Подобрав большой гвоздь из лошадиной подковы, мальчик вместе с другими вернулся на ту улицу, где упомянутый Гвидо играл в шахматы, и с камнем в руке подошел за спиной Гвидо не то к завалинке, не то просто к лавке, на которой тот сидел, положил на нее гвоздь и рукой, державшей камень, стал постукивать, сначала редко и тихо, затем постепенно все чаще и сильнее, так что наконец Гвидо обернулся и сказал:
— Чего тебе еще нужно? Иди-ка, от греха подальше, домой!
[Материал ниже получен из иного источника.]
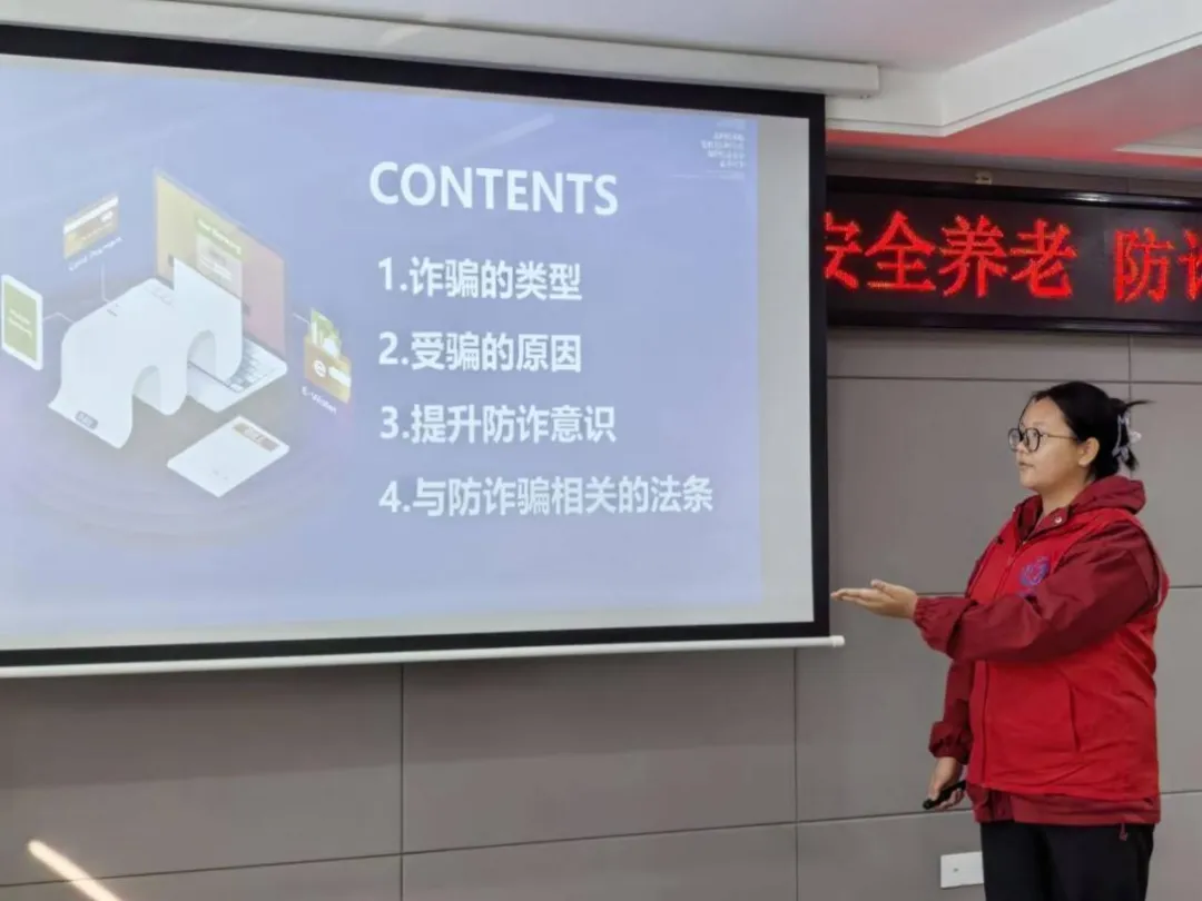 活动伊始,志愿者通过PPT讲解,向中老年人通俗易懂地介绍了诈骗的类型、受骗的原因、如何提升防诈意识以及介绍了与诈骗相关的法条。让老年人初步了解到防诈的手段和形式,对诈骗有个基础的认知,学会识别诈骗和虚假信息,提高警惕。

Зачем ты стучишь этим камнем?
Тот сказал:
— Хочу выпрямить этот гвоздь.
И Гвидо снова обратился к шахматам и продолжал играть. Мальчик же, тихонько постукивая камнем, ухватил полу куртки или кафтана, которая со спины Гвидо спадала на сиденье, и, приладив к ней свой гвоздь, стал усиливать удары, чтобы как следует ее прибить, рассчитывая, что означенный Гвидо наконец встанет. Случилось так, как задумал мальчик. Гвидо, которому надоел стук, в бешенстве вскакивает, мальчик убегает, а Гвидо остается пригвожденным к скамье. Чувствуя, что он совсем опозорен и не может двинуться, и грозя рукой убегающему мальчику, он говорит:
— Иди с богом, но другой раз не попадайся.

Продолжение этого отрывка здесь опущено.